From the line that contains "Two simulated low-magnification" down to the last line of the data below, restate every line word for word, skipping any images.

-----

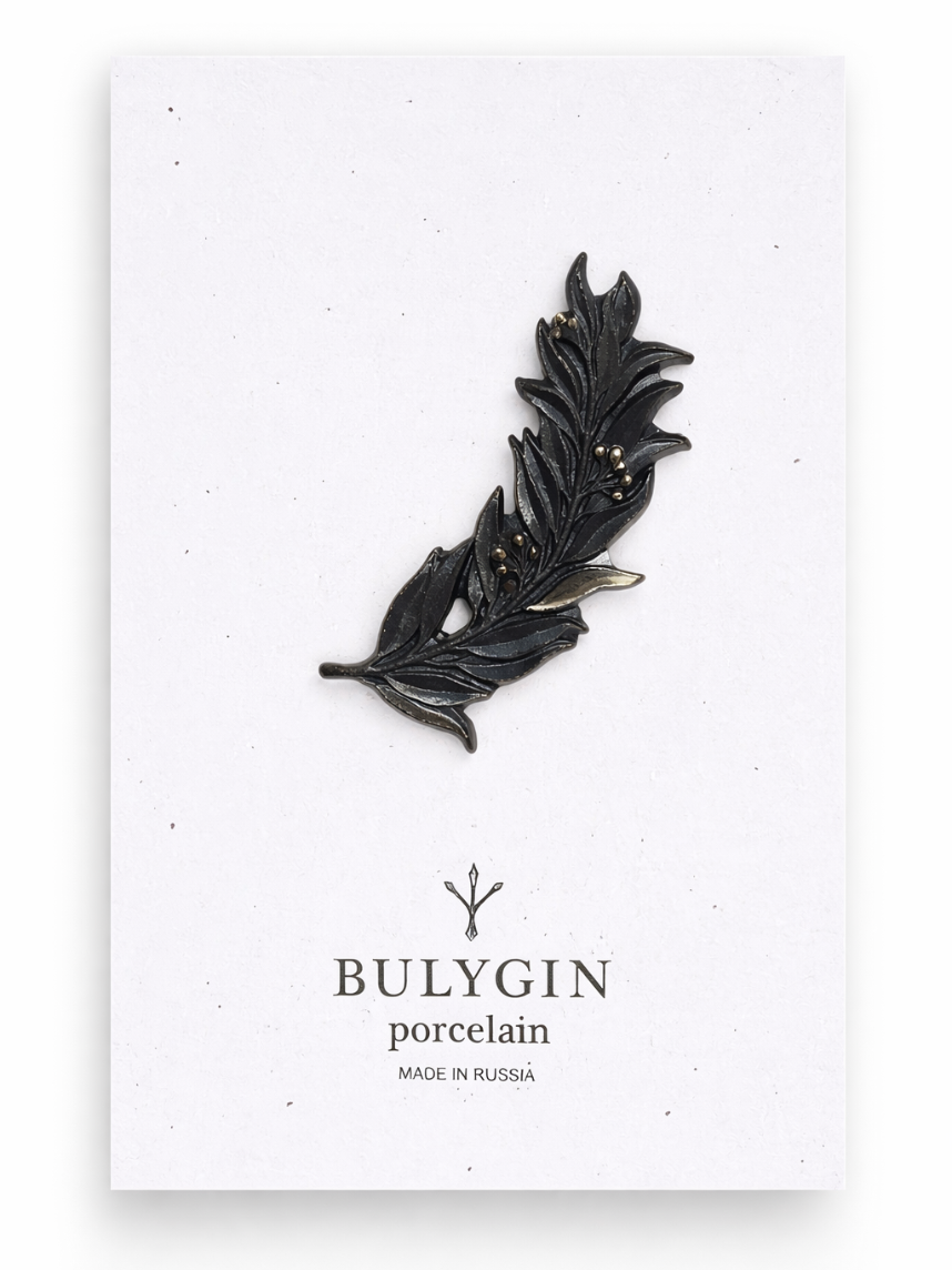 Брошь ручной работы Bulygin «Веточка оливы», фарфор, чёрно-серебристая
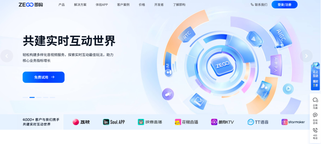 ZEGO 的音视频 SDK 支持 Web、iOS、Android、Windows、macOS、小程序等多端平台,具备全链路的弱网优化能力,包括抗丢包、动态码率调节、超低延迟等功能。此外,平台具备全球网络部署、音视频录制、内容审核、数据加密、权限控制等配套能力,助力开发者快速构建端到端的实时互动体验。凭借技术深度与服务能力,即构科技已被众多头部企业采纳,是国内音视频通信领域颇具代表性的技术厂商之一。
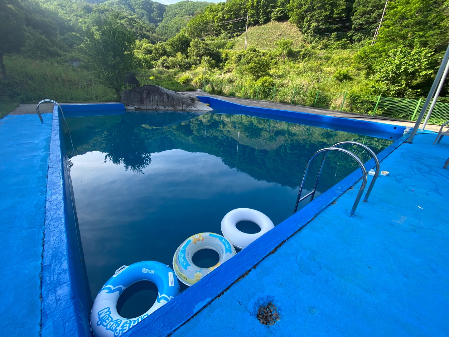 옆 계곡에서 직접 물을 받아 수영장을 채우는데,
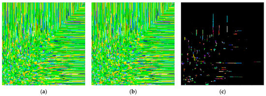 Two simulated low-magnification images with an initial maximum nucleation density of 1000 and an average nucleation undercooling of 20 were selected, with standard deviations of 0.1 and 1.5, as shown in Figure 3a,b, and the difference between Figure 3a,b is presented in Figure 3c. Let the pixel in Figure 3c with a grey value not equal 0, and the proportion of different regions to the image in Figure 3a,b was found according to Equation (23).
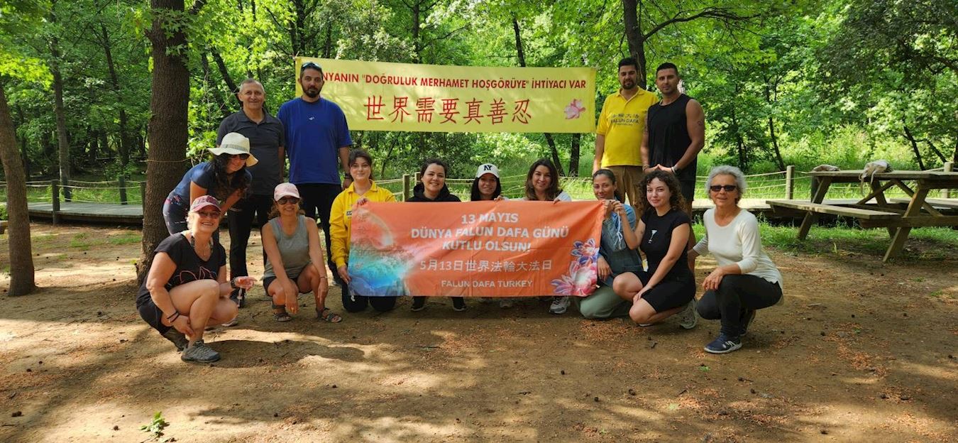 活动结束时,这些学功的民众和法轮功学员们一起,展开了横幅:“世界需要真善忍!”和“五·一三世界法轮大法日”,并拍摄了一张合影,以庆祝五月十三日“世界法轮大法日”和李洪志师父的生日。
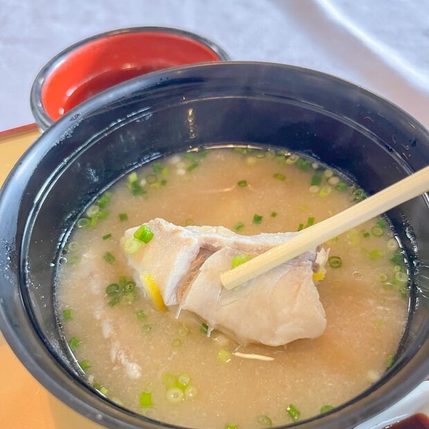 あら汁には大きめの魚の身が贅沢に入っています。コクがあって味わい深い美味しさ。
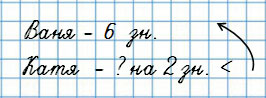 5.   У Вани 6 значков, а у Кати на 2 значка меньше.

-----

■ Response:
 Two simulated low-magnification images with an initial maximum nucleation density of 1000 and an average nucleation undercooling of 20 were selected, with standard deviations of 0.1 and 1.5, as shown in Figure 3a,b, and the difference between Figure 3a,b is presented in Figure 3c. Let the pixel in Figure 3c with a grey value not equal 0, and the proportion of different regions to the image in Figure 3a,b was found according to Equation (23).
 活动结束时,这些学功的民众和法轮功学员们一起,展开了横幅:“世界需要真善忍!”和“五·一三世界法轮大法日”,并拍摄了一张合影,以庆祝五月十三日“世界法轮大法日”和李洪志师父的生日。
 あら汁には大きめの魚の身が贅沢に入っています。コクがあって味わい深い美味しさ。
 5.   У Вани 6 значков, а у Кати на 2 значка меньше.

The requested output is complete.